Dicen que los árbitros -en general refiriéndose a los de fútbol- no tienen hinchada. En boxeo había una excepción que acaba de irse a los 77 años, en silencio, con el perfil bajo como el que vivió.
No pretende ser esto una necrológica –de hecho no lo es-, sino apenas recordar a quien fue el mejor de todos en algo, y resaltar su figura, para lo cual alcanza sólo con ponerla en su lugar.
Tampoco intenta reprocharle a nadie su escasa difusión, máxime cuando era un hombre que tras haber enfermado en los últimos tiempos, no quiso ver a nadie, ni permitía que lo visiten –de hecho no se sabe bien de qué, ni cuándo falleció exactamente-.
Quizás eso haya condicionado la escasez de repercusión –ni en internet figura-, en estos tiempos del minuto a minuto y la cultura del impacto mediático.

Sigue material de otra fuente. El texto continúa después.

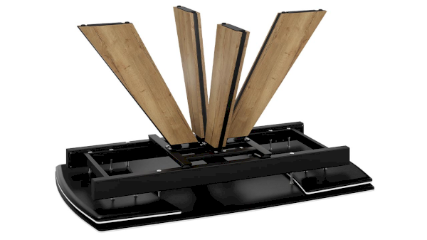 Стол имеет синхронный механизм раздвижения с торцевыми вставками по бокам. Это выручает в моменты прихода гостей, которых хочется разместить свободно и с комфортом. В основании ножек есть регулируемые подпятники для хорошей устойчивости и отсутствия скольжения. Этот функциональный элемент продлит срок службы, как самого стола, так и напольного покрытия. Процесс сборки стола минимальный, столешница поставляется уже в собранном виде, остается только прикрутить опоры.

Pero Luis Guzmán era único. Junto a Lorenzo Fortunato y Alfredo Fernández, tal vez los mejores de nuestra rica historia boxística, donde por distintas razones, los árbitros nunca fueron precisamente los que la acompañaron.
De hecho, Guzmán no fue maestro. Tampoco profesor, más allá de dar algunas charlas y consejos en algún tiempo en medio de algún curso. No dejó herederos, ni discípulos, e imitarlo era imposible por su personal estilo que excedía el reglamento, aunque tal vez era su perfil bajo el que no le permitía subirse a ningún púlpito a enseñar lo que sabía -más intuitiva que académicamente-, de un modo tan natural que resultaba imposible transmitirlo.
Quizás por eso la brecha entre él y sus colegas en su tiempo fue tan amplia. Con el perdón de aquellos, no tenía sombra, pues no le llegaban a los talones.
Sin ser "rinconero", no comía vidrios. Sabía las temperaturas políticas de cada pelea y en qué lugar debía situarse, que siempre era el mismo: el del árbitro.
Jamás cuestionó una crítica, pero tampoco agradecía elogios. Tenía un concepto formado de cada cual, pero se lo guardaba. Era árbitro arriba del ring, no abajo, por lo que aceptaba los roles sin discutir la opinión de la prensa. Y poseía la humildad que se le atribuye a los grandes.
Tranquilidad, confianza, seguridad. Eso era lo que transmitía y lo que sentían todos cuando Guzmán dirigía una pelea, donde la más emblemática, pese a sus 30 títulos mundiales dirigidos –su orgullo y máxima satisfacción, record en el arbitraje argentino- fue la de Coggi-Pajarito Hernández en el Luna Park, por lo mucho que costó imponerlo a raíz de las disputas entre la FAB y la Comisión Municipal de Box, que manejaba en Cap Fed otras autoridades.
Finalmente, privó la cordura, y todos, absolutamente todos, coincidieron: "Guzmán es el mejor, para qué discutir".
Hombre del CMB, estuvo considerado entre los 5 mejores del mundo en un momento, y dirigió a grandes como JC Chávez (padre), justo en la famosa noche de Castro-Jackson en Monterrey, a Mano de Piedra Durán, Ramírez-Whitaker, a Kostya Tszyu, y a las máximas figuras argentinas como Castro, Vásquez, Uby Sacco, Coggi y Marcelo Domínguez, entre otros. Viajó por el mundo.
Alguien dijo alguna vez, en cierto tono peyorativo: "Guzmán es muy tribunero". Y era cierto. Dirigía para la tribuna, porque era sabio. Porque el primero que debe saber lo que sanciona un árbitro es el boxeador, pero el segundo es el público. Y Guzmán se preocupaba por que entendiera hasta el de la popular.
Tal vez no dirigía con el reglamento bajo el brazo, pero todo lo que hacía tenía un criterio y siempre lo respaldaba legalmente algún artículo.
Más domador de leones que árbitro, no necesitaba del látigo para imponer respeto. Encantador de serpientes, con la mirada entraba en la complicidad del boxeador, descontándole puntos con una sonrisa, sin queja alguna del infractor.
"Los pies no, yo le miro los ojos a un boxeador para ver si está nocaut y la tengo que parar", decía.
¿Por qué descalificaba a veces a un púgil que se tiraba, en vez de contarle y darle KO, que es peor castigo? "Porque así el promotor si quiere puede retenerle la bolsa", argumentaba con viveza, sabiendo cuándo un púgil lo hacía por deslealtad, y cuándo por inferioridad.
Es que el reglamento contempla dos caminos para una misma acción en algunos casos: por ejemplo, simular un golpe que no existió, o dejarse caer para evitar que le peguen, permitiéndole decidir al árbitro –única autoridad sobre el ring- si descalificar, o contar.
Por todo eso era el Uno. Dicen que el mejor árbitro es el que pasa inadvertido. Y él –que lo fue- ni a la hora de su muerte llamó la atención.